Releases: ENHANCE-PET/MOOSE
moose-v.2.2.35
[Bug] Included the right opencv-python version https://github.com/QIMP-Team/MOOSE/issues/67
Moose v2.2.33 Release Notes
Date: 3rd october 2023
New Features
- Custom nnU-Net Trainer: Specialized trainer for optimized vertebrae segmentation.
- Severe Data Augmentation (DA5): Enhanced data augmentation strategy for improved generalization.
- No Mirroring: Focused on capturing clinically relevant features by removing data mirroring.
Notes
- Backward-compatible but upgrading is strongly recommended.
- Performance metrics comparing new and old models to be released soon.
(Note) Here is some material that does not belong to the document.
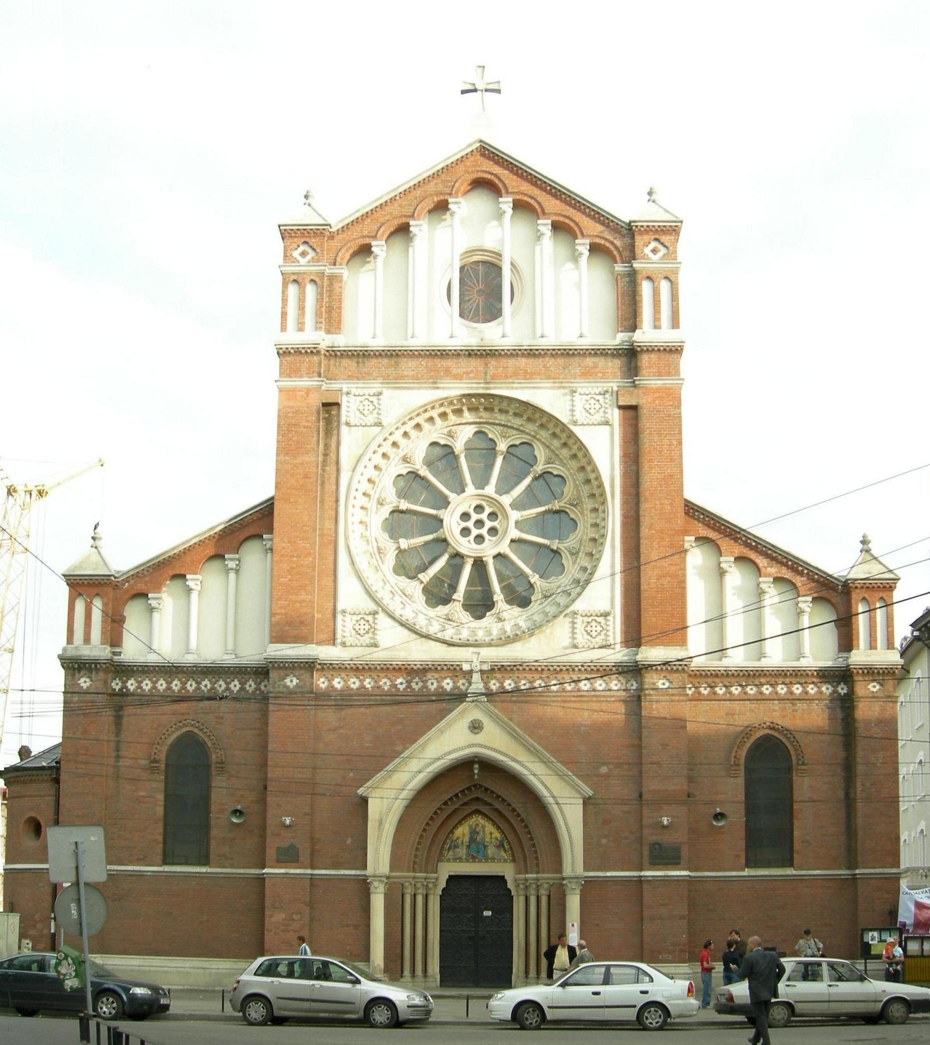 St. Joseph Cathedral (Roman Catholic), Bucharest, Romania

moose v2.2.32 Release Notes
Release Date
2023-09-26
Overview
We are excited to announce the release of moose v2.2.32! This update brings new features and improvements that make medical image analysis for preclinical arena easier and more efficient.
What's New
Features
Preclinical CT Legs Model
- We've included a new model called
preclin_ct_legs
, designed to segment mouse preclinical CT images for the left and right leg.
Improvements
tqdm Progress Bar in nnunetv2
- The tqdm progress bar from nnunetv2 is now hidden. We rerouted it to
stderr
to make the user interface cleaner.
Installation
To install the latest version, run the following command:
pip install moosez==2.2.32
or update using:
pip install --upgrade moosez
Acknowledgments
We would like to thank our contributors and users for their continued support and feedback.
MOOSE 2.0 is here!
🎉 Announcing MOOSE 2.0: Leaner. Meaner. Stronger 🎉
Exciting times are ahead! We're thrilled to unveil MOOSE 2.0, taking 3D medical image segmentation to unprecedented heights! 🚀
🌟 Features at a Glance:
-
Leaner: Optimized for efficiency, MOOSE 2.0 doesn't demand extensive resources. It's compatible with various OS and even works without high-end GPUs (a bit slower though).
-
Meaner: A remarkable speed upgrade – we're talking about a version that's 5x faster than version 1! Designed for both clinical and preclinical (coming soon) settings, this is a segmentation powerhouse. ⚡
-
Stronger: The strength of MOOSE 2.0 is undeniable, backed by Data-centric AI principles and a staggering 2.5k datasets.
-
Versatility: Whether you prefer command-line tools for batch processing or using it as a library for your Python projects, MOOSE 2.0 offers unmatched flexibility. 😎
📌 Ready to Dive In?
Before you start, ensure you meet the requirements:
- OS Compatibility: Windows, Mac, or Linux.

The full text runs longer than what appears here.